彼は少し困ったように眉を寄せ、小さく笑った。
「ええ、なんとか過ごしています。離宮に移ってからしばらくは、二人で神殿に行き祈りを捧げたり、気晴らしに庭園を歩いたりもしていたのですがね。ここ数年はその気力もなくしていて」
「……さようでございますか……」
「ですが今回フロレンティーナが、まるで私の頬をはたくような勢いで目を覚まさせに来てくれた時……。妻もそばで一緒に、娘の話を聞いていたんです。そして二人で涙しました。彼女の心にも、たしかに変化はあったんです。
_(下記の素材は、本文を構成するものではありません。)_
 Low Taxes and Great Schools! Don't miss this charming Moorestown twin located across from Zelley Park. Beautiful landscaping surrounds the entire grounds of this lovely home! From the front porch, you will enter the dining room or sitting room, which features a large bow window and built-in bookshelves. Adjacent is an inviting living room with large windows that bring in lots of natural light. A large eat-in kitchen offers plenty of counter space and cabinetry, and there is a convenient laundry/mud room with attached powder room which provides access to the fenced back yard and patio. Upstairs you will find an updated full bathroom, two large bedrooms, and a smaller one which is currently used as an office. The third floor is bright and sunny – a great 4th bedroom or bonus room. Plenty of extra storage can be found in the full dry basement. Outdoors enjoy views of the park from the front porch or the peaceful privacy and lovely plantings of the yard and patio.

私とフロレンティーナが出国する時は、外まで見送りに来てくれましたよ。彼女が外に出たのは、本当に久しぶりでした」
「まぁ……。よかったですわね。どうぞ、お大事になさいませとお伝えください」
そんな言葉が、自然と口をついて出た。
アウグスト王太子が優しく微笑む。
「ありがとう、ラザフォード子爵。あなた方と良き関係を築いていけるよう努力します」
その後、彼は局長らと別れの挨拶を交わしていた。
私のもとにはアルーシア王国の小さな希望の光が、改まった様子でやって来た。彼女はきらきらと輝く瞳で私を見上げる。
「ラザフォード子爵、お目にかかれて光栄でしたわ。私もあなた様のように、国を導いていく立派な仕事をしてみせます! ですから……、その、どうぞまたお会いできますことを願っておりますわ」
最後の方はほんの少し恥ずかしそうに、それでも一生懸命ご自分の気持ちを伝えようとする健気な王女に、私は心から告げる。
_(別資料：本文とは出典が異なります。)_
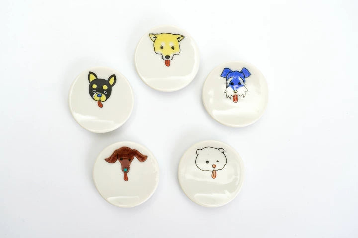 ■ Kutani Yaki(ware) Chopstick Rest Set of 5pcs - Dog -, Japanese Kutani Ware Chopstick Rest

「はい、王女殿下。近いうちに、必ず。……この大陸には私の他にも、民たちの暮らしを守るために先頭に立ち、奮闘している女性が大勢おります。いつの日か、国境を越え皆で情報交換のお茶会などができるといいですわね」
「……っ! はいっ! とても楽しそうですわ!」
そう言って満面の笑みを浮かべるフロレンティーナ王女は、思わず抱きしめたくなるほどの可愛らしさだった。その気持ちをぐっと堪え、私は最後に丁寧に別れの挨拶をする。
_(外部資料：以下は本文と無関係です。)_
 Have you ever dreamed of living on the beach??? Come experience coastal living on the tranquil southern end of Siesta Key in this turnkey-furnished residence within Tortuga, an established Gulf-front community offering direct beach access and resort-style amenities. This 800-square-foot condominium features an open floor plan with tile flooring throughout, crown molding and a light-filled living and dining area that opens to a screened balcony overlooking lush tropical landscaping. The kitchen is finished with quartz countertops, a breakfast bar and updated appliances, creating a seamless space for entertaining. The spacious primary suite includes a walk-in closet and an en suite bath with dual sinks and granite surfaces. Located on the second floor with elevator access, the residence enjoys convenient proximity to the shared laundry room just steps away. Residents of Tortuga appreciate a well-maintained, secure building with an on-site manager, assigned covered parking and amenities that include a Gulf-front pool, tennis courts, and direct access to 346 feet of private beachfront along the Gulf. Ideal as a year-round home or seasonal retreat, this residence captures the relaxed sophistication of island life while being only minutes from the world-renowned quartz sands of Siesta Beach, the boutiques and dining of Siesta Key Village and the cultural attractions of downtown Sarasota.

「王女殿下やアルーシアの皆様のお働きを、こちらから祈り、見守っております。国王陛下の許可が下りましたら馳せ参じ、微力ではございますがお力添えをさせていただきますわね。どうぞ、道中お気を付けて」
「……ありがとうございます、ラザフォード子爵」
瞳を潤ませ唇をきゅっと引き結んだフロレンティーナ王女が、私の方へと手を伸ばす。
道のりは険しいかもしれない。けれど王女のそばには、彼女を守り、ともに戦ってくれる父親がいる。
私はその小さな両手を取ると、自分の両手でしっかりと包み込んだ。